Exercise description → Repeat exactly the lines from the start of the records below through the line that contains "建面142平四房,四开间全明设计,采光非常好,南北对流设计,2.2米宽的阳台。", including both.

Extracted data →

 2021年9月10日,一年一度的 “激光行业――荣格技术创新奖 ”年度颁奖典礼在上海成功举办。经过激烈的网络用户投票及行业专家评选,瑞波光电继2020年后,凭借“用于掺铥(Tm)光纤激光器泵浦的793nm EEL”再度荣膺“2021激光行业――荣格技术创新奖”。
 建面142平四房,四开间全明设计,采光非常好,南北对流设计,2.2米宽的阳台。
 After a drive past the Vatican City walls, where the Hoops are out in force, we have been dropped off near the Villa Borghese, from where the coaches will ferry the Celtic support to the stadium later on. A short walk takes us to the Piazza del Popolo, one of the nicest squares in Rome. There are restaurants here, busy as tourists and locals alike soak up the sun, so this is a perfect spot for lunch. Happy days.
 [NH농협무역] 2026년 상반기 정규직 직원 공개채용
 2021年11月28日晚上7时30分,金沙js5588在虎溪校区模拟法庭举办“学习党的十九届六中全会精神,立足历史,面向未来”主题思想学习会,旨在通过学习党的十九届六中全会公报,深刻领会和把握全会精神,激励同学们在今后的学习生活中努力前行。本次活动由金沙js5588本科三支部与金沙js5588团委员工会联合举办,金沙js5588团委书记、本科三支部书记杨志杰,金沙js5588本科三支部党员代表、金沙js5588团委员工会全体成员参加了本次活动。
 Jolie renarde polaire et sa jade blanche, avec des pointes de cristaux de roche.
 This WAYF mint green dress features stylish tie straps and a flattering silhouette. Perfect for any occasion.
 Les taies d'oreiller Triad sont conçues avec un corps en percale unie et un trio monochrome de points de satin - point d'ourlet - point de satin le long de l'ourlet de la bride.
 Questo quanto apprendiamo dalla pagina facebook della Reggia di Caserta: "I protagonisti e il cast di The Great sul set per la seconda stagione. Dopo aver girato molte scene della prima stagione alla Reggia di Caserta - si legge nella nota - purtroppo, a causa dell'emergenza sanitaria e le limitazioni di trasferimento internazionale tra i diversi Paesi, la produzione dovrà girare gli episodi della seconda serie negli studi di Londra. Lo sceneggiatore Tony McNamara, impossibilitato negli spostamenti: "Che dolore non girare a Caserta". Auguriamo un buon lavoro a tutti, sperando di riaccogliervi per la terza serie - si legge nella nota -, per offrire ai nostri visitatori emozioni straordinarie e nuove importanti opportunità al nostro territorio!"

Solution to this problem →
 2021年9月10日,一年一度的 “激光行业――荣格技术创新奖 ”年度颁奖典礼在上海成功举办。经过激烈的网络用户投票及行业专家评选,瑞波光电继2020年后,凭借“用于掺铥(Tm)光纤激光器泵浦的793nm EEL”再度荣膺“2021激光行业――荣格技术创新奖”。
 建面142平四房,四开间全明设计,采光非常好,南北对流设计,2.2米宽的阳台。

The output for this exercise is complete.